##### Raw data #####

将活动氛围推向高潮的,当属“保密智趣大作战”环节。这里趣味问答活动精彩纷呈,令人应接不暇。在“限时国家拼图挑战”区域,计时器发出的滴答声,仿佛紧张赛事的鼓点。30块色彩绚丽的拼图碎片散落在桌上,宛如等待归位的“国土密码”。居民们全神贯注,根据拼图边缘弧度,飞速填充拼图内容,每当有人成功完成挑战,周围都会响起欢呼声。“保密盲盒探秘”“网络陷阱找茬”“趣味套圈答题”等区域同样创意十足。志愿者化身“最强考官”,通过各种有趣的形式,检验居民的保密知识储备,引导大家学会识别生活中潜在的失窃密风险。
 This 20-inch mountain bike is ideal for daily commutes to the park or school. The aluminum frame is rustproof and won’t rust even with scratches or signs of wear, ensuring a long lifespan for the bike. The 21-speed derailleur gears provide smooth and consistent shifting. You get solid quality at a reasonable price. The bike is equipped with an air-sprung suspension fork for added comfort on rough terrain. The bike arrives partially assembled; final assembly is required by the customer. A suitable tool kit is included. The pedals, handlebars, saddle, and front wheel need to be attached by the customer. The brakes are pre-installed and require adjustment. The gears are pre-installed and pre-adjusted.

#####
##### Raw data #####

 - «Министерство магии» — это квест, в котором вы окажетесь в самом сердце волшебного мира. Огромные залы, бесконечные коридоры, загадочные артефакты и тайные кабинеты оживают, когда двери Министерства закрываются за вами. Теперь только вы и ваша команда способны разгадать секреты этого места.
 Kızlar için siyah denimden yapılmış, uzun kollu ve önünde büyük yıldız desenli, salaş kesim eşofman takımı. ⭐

#####

* [Task goal]:
Starting at the line above that contains "секреты этого места.", repeat each line exactly up to and including the line that contains "Kızlar için siyah", and stop there.

* [Task result]:
 - «Министерство магии» — это квест, в котором вы окажетесь в самом сердце волшебного мира. Огромные залы, бесконечные коридоры, загадочные артефакты и тайные кабинеты оживают, когда двери Министерства закрываются за вами. Теперь только вы и ваша команда способны разгадать секреты этого места.
 Kızlar için siyah denimden yapılmış, uzun kollu ve önünde büyük yıldız desenli, salaş kesim eşofman takımı. ⭐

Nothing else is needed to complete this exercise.